I did not post about the project where I photoshopped, so I will comment on it now. I have been thinking about beauty and image manipulation and our insistence on improving the records of ourselves. These thoughts all led me to (like a lot of people) question why do we desire to look like someone other than ourself. Is it our ideal self, the one we wish we are, why is it we are not happy to be what we are? Our perceptions of our self are often a result of what we are exposed to and told is the norm, even when these are often extreme examples. I decided to try and explore it by taking images of women that have been used to establish extreme perceptions of what is beautiful, and attempted to make them closer to what the reality is for a lot of their target audience. Its interesting that looking healthy is often not always what is attractive to people.

masters

I just started posting a new project where I took images of famous art work (all paintings) and I applied filters to them using an app similar to Instagram called Pixlr-o-matic. (its the same program I used on the pioneers of photography) It gave me more noticeable (better) results. I am exploring the idea that anything we decide to record, we for some reason feel the need to add to it, whether its to make it more personal or to make it more pleasing I am not sure.

better

Image apps are an interesting thing.

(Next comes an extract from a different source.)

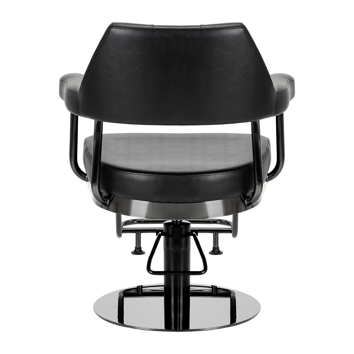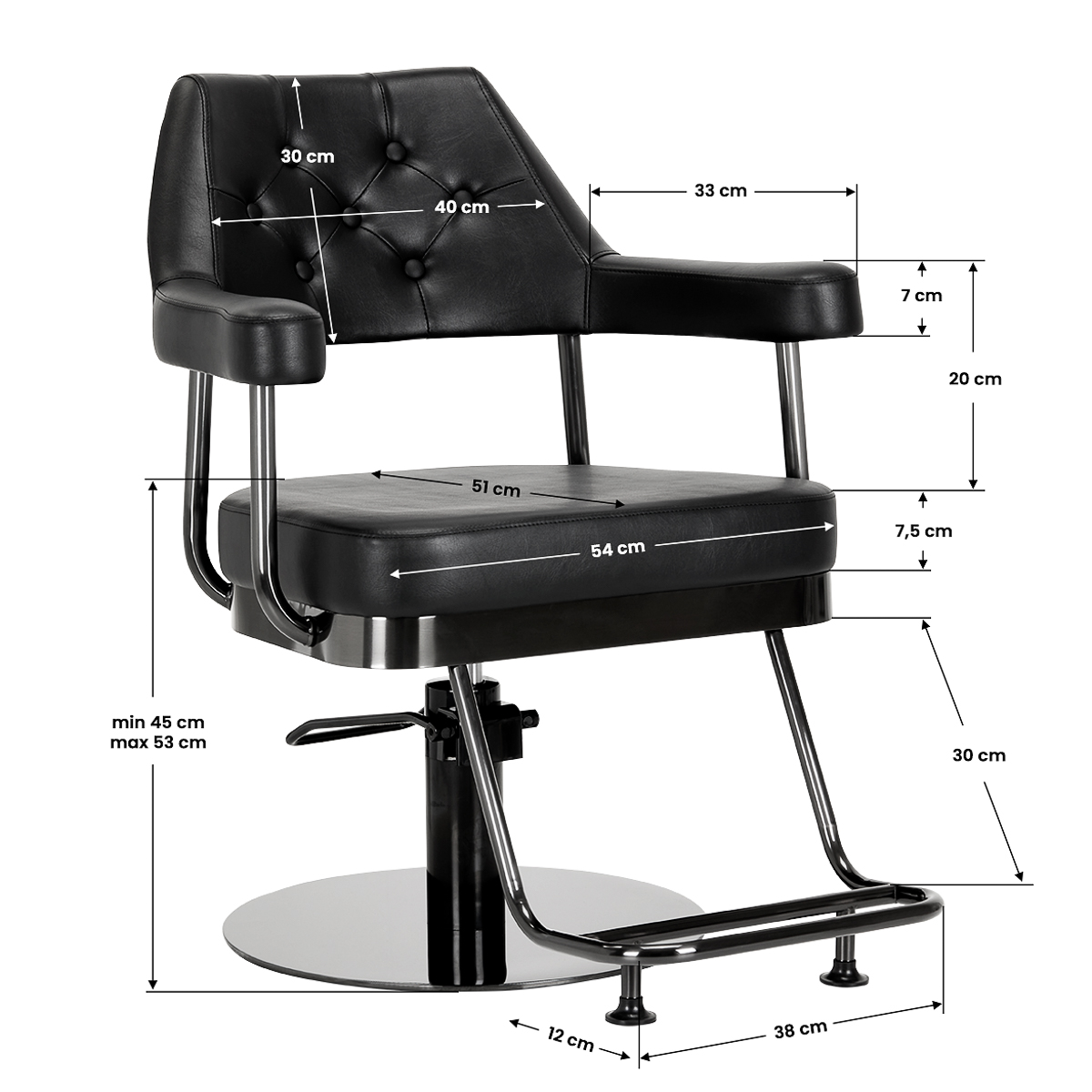 Trwały podnośnik hydrauliczny pozwala na regulację poziomu siedziska w granicach 45-53 cm, nawet w momencie, kiedy klient siedzi na fotelu. Gwarantuje to bardziej ergonomiczną pracę, dzięki możliwości swobodnego dostosowania wysokości do wzrostu zarówno klienta, jak i fryzjera. Wyprofilowane oparcie, ozdobione pikowaniem z dobranymi guzikami, pozwala na zajęcie dogodnej pozycji. Zapewnia to odpowiednie wsparcie dla pleców, co ma znaczenie zwłaszcza w przypadku zabiegów trwających wiele godzin. Dużym plusem, a przy tym ciekawym wizualnie elementem, jest tutaj finezyjny otwór pomiędzy oparciem i siedziskiem. Ułatwia on zachowanie czystości w salonie, pozwala z łatwością wymieść włosy z każdego zakamarka fotela, oszczędzając przy tym czas przygotowania stanowiska pracy pomiędzy klientami.

We capture an image of something and then we modify it to make it more aesthetically pleasing. We use predetermined filters that were designed to make our images appear to have been taken from an other era. They are designed to inspire an emotional response to a halcyonic time, where everything was better, where everything made sense, where we were happy. We've been using visual representation in this way since humanity first applied medium to canvas. Artists choose their subjects carefully, they plan the location, they plan the outfits of the subjects, they choose how they will be represented. When some one poses for a painting or a photograph they often smile or pose so that they will be recorded the way they think paints them in the best way. I think back to photographs from family events were someone was unhappy and crying all day but then when they posed for a photo they were all smiles. Over time this photograph of happiness will go on to replace the memory of pain and misery of that day. We don't want our personal records to be accurate, we want them to be better than our actual past.

Monday, June 2, 2014

pleasing

Continuing on the idea that even what is regarded as beautiful is not beautiful enough, I took several famous portraits and subjected them to a retouching program. The results were a mixed bag, some of the images were very noticeable, and others were not as successful. One of the things that I noticed in peoples response to the images was that they enjoyed some of the reworked images more than the original. I believe a few people even mistook the altered images as the original. My wife posed the question of why we were more attracted to the newer images. I believe it has a great deal to do with our constantly changing cultural perception of beauty. Throughout a great deal of human history in several cultures, a thicker body was seen as wealthier, healthier, a more suitable mate, and a thinner frame was seen as unsuccessful or malnourished. I can only imagine what other people from other periods in history would think of our current persons of desire.